Pensei muito mesmo no que o senhor Hector me disse. Não consegui dormir naquela noite. Dan leu minha carta e chorou de alegria. Me presenteou com uma Bíblia que não aceitei (odeio livros grandes e sem muito sentido), e me disse que estava salvo perante o Senhor, o que gargalhei, já que sabia que iria para o Inferno, de qualquer maneira. Li uns trechos da Bíblia de Dan e cochilei por alguns minutos, quando O'Reilly me chamou.

-Venha cá - abriu a cela e, o que me espantou, não me deu o soco no estômago que costumava me dar toda vez que me aproximava dele.

Me levou até uma sala de interrogatório com um telefone em cima da mesa.

-Eu realmente acredito em você agora. Eu sei que não foi você que matou a viciada, já que a perícia confirmou a morte por overdose de cocaína. Sei que matou o negro e que tem "fama" por roubo de carros. Sei que assaltou os três bancos e que matou todas as pessoas naquela lista, já que os boletins de ocorrência batem com sua descrição. Mas sei também que não foi o responsável por ter desengatado o carro e deixado ele ir para a avenida. Eu gostaria de pedir desculpas por todas as vezes que te bati e que te humilhei. Sou um pai de família e tenho dois filhos - puxou sua carteira e me mostrou uma bela loirinha de uns quatorze ou quinze anos, e um rapaz de uns vinte e cinco - e uma linda mulher - me mostrou sua bela ruiva de uns trinta anos -. Fiquei irritado quando me dizia que não tinha matado ninguém naquele ônibus e na avenida. Mas sei que não era culpa sua desde o começo. Eu apenas não aceitava o fato de você não assumir suas culpas. O que disse hoje me fez pensar como a vida é bela e como sou feliz por estar aqui. Entendo que sua vida foi dura e que só teve a opção de se vingar por tudo que a vida fez com você...

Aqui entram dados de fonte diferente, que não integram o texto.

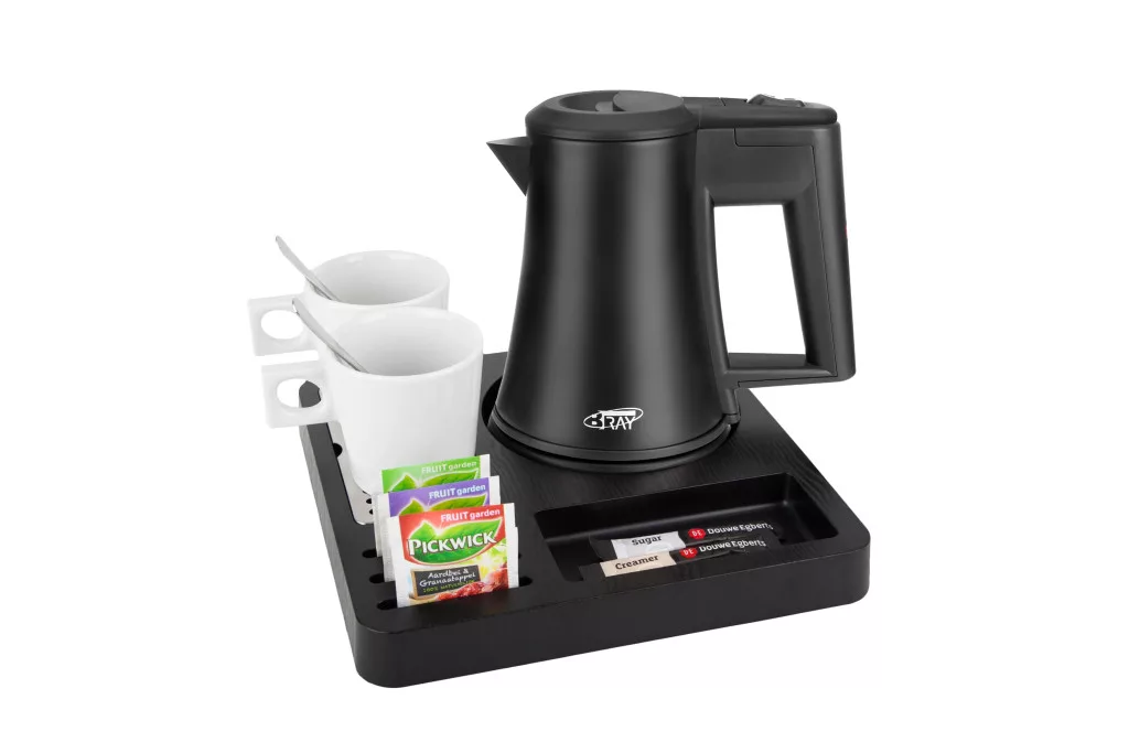 Square tálca 0,5L-es fekete vízforralóval és 2 fehér csészével

Fez uma pausa para beber um gole de água, e, estranhamente, estava sem seus óculos ray-ban que sempre escondiam seus olhos de senhor de idade. O'Reilly tinha uns quarenta e tantos.

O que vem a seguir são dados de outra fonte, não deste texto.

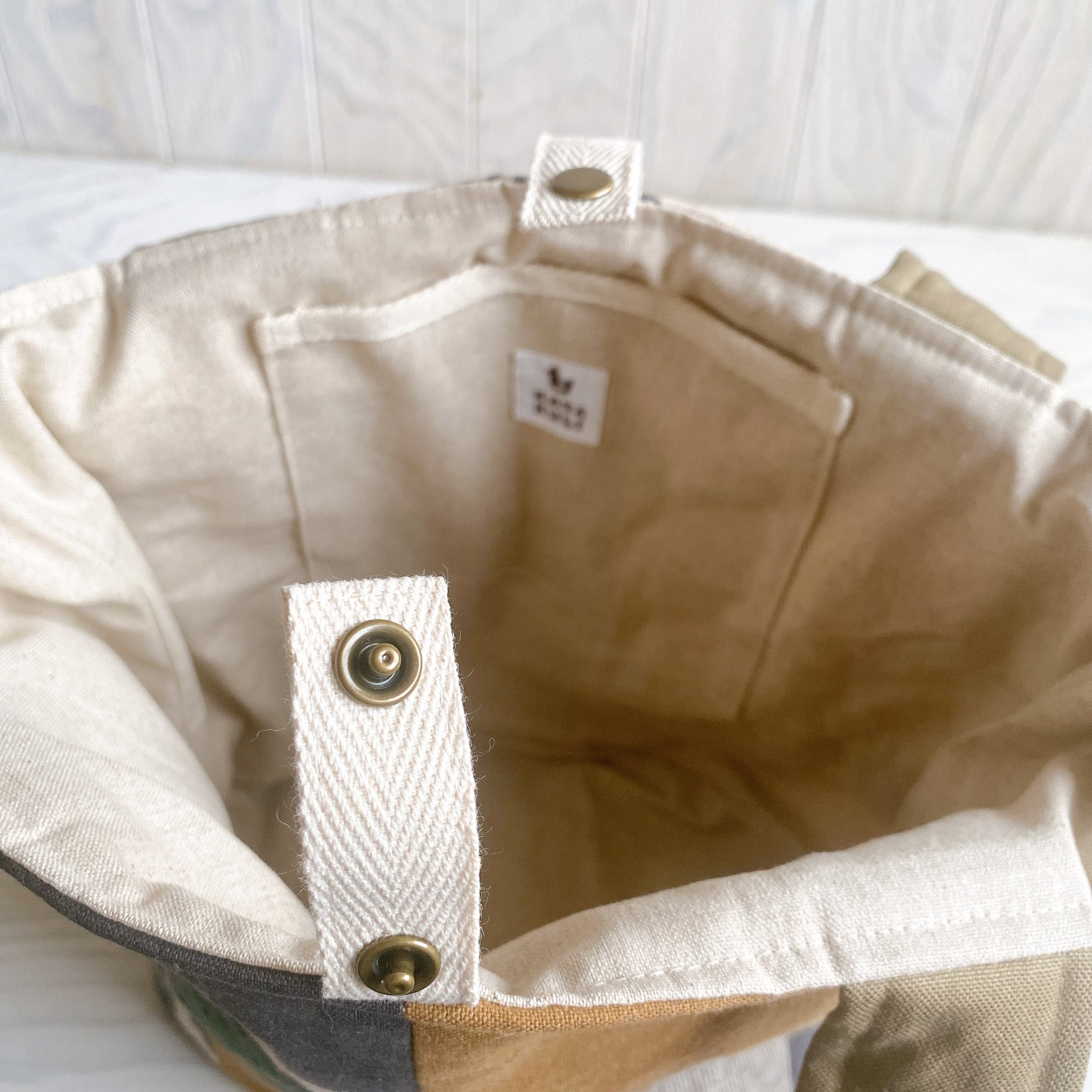 入り口にはアンティークゴールドのスナップを付けました

-Mas você fez algo honrado hoje. Você assumiu suas responsabilidades. E é dificil um homem ser honrado nestes dias. Mandamos milhares deles, incluindo meu filho, para o Vietnã morrer todos os dias, e você poderia ser mais um deles...

-O juiz Hector te pediu para que falasse comigo, não é? - interrompi, dando uma risadinha irônica.

-Não... o que ele te propôs, naquela hora, quando foste falar com ele?

-Que eu me alistasse. Quer que eu morra na selva.

O'Reilly me olhou de maneira surpresa.

-Eu acho que você pode escolher agora... você prefere ir ou quer pagar sua perpétua ou cadeira elétrica?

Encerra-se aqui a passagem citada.